From A to <A> [cover]

From A to <A>: Keywords of Markup.

Ed. Bradley Dilger and Jeff Rice. Minneapolis: University of Minnesota Press, 2010.

246 pp., 978-0-8166-6609-6.

Overview

Bradley Dilger and Jeff Rice’s edited collection From A to <A>: Keywords of Markup (University of Minnesota, 2010) introduces its essays by arguing, “Markup is the first thing Web writers engage.... In the age of new media, there is no way to avoid markup. Markup is text. Markup is communication. Markup is writing” (xi). Markup—the codes and tags that make it possible for information on the internet to be organized, formatted, delivered, and even produced—is often invisible to the internet user, save in instances when it calls attention to itself through its absence or failure to mediate one’s browsing experience according to expectation.

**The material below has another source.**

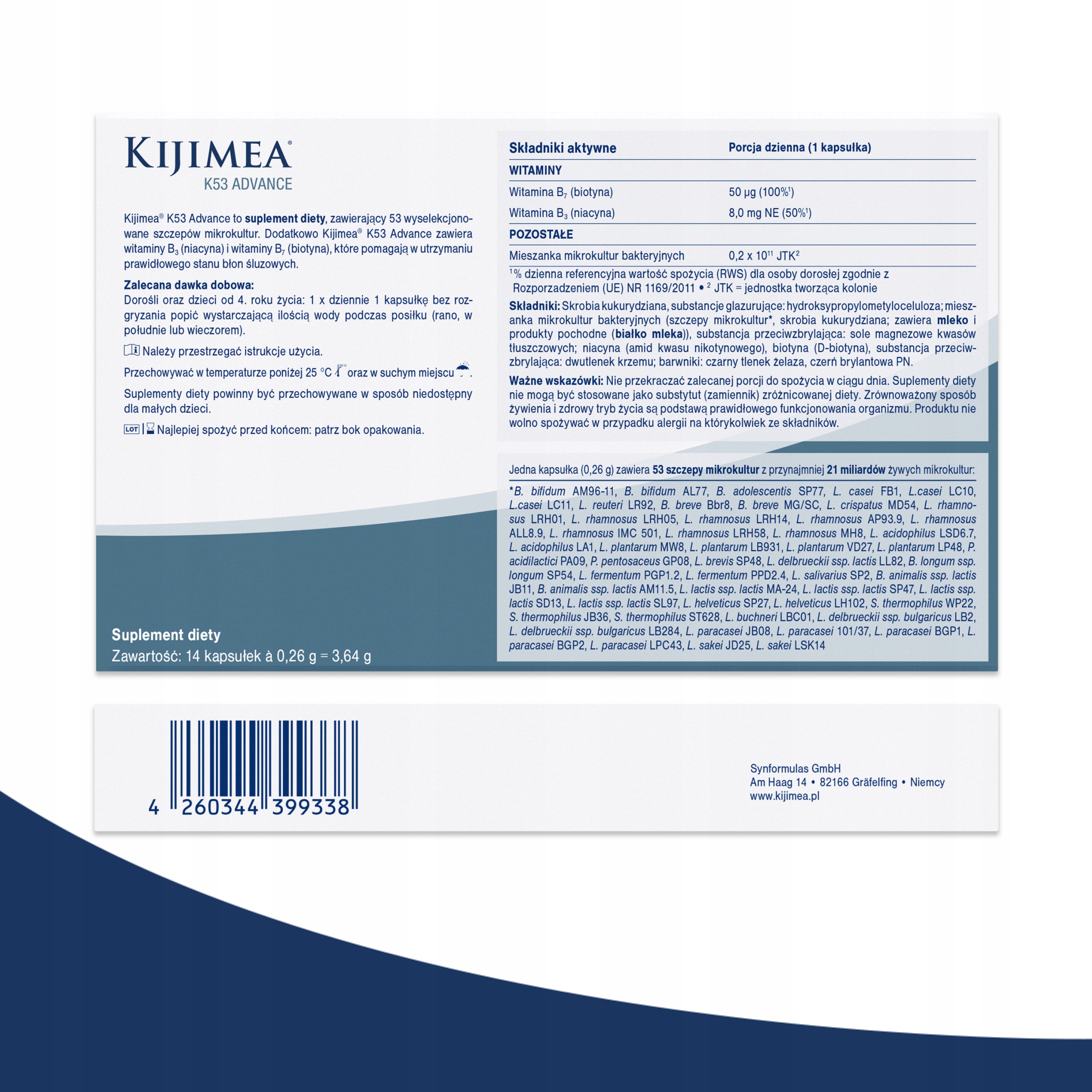 ✅ Ідеальна толерантність: Kijimea K53 Advance не містить глютену, фруктози та лактози, а також консервантів, ароматизаторів і підсолоджувачів.

However, as Dilger and Rice note, the conversation about markup is a process that has been ongoing since the earliest days of the Web: users continue to discuss how to consolidate best practices in coding and accessibility, how to think about issues of intellectual property, as well as ways of achieving consistent displays across a range of browsers and platforms. Dilger and Rice’s collection, which recently won Computer and Composition’s 2010 Distinguished Book Award, uses a keyword approach in its examination of several different markup tags in order to develop a vocabulary for discussing Web-based rhetorical and composing practices and to connect these practices to cultural and ideological environments.